実際私はここの書評を読んで大いに期待して読んだが、事前にハードルがあがりすぎていたような気がする。
ただ非常に苦労した作品だとゆうのは伝わる。筆者も編集者も。
筆者はマジシャンでもあるが、彼らが華麗に見えるマジックの裏で、地味な仕込み作業をしている姿が見えてきそうな作品だった。

ミステリーだが実は小説ではない
確かに凄い。作者は書くのにものすごい苦労しただろう。だが、ヒントを出し過ぎだと
思う。裏表紙の説明に「41字詰15行組み」って書いたらダメだろ。

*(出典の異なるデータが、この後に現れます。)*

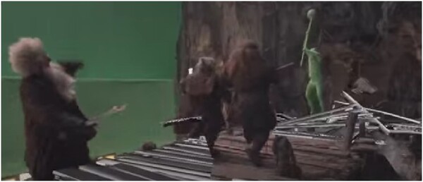Сцена сражения с королем гоблинов примечательна тем, что команда создала симуляцию, в которой с помощью очков виртуальной реальности режиссер мог отслеживать движения модели в динамике и которая работала на погружение в ситуацию. Традиционно цифровая модель создавалось на основе детализированного макета и анимировалась с помощью технологии захвата движения — motion capture.

こういうのは書籍内
では一切ヒントを出さず、読後も半数の読者が気付かず、しばらくして口コミで仕掛けが
評判になるというのが正しい戦略だろう。それにしても、ストーリー自体が面白くないのは
痛い。一応、ミステリー小説なんだからプロットで勝負してほしかった。まあ、ストーリー
より優先させるものがあるのは判るんだけど。

売れて欲しいような、売れて欲しくないような複雑な気持ち
ネタバレになるので詳しくは書きませんが、これとほぼ同様なものが専門ショップでは安くても九千数百円掛かります。
テレビ番組で某有名そちらの職業の方が良くできた本だと紹介されていました。
良書なので話題になれば嬉しいのですが、売れてこの本の価値が広まると秘密な部分も広がってしまいますね。
複雑な心境です…。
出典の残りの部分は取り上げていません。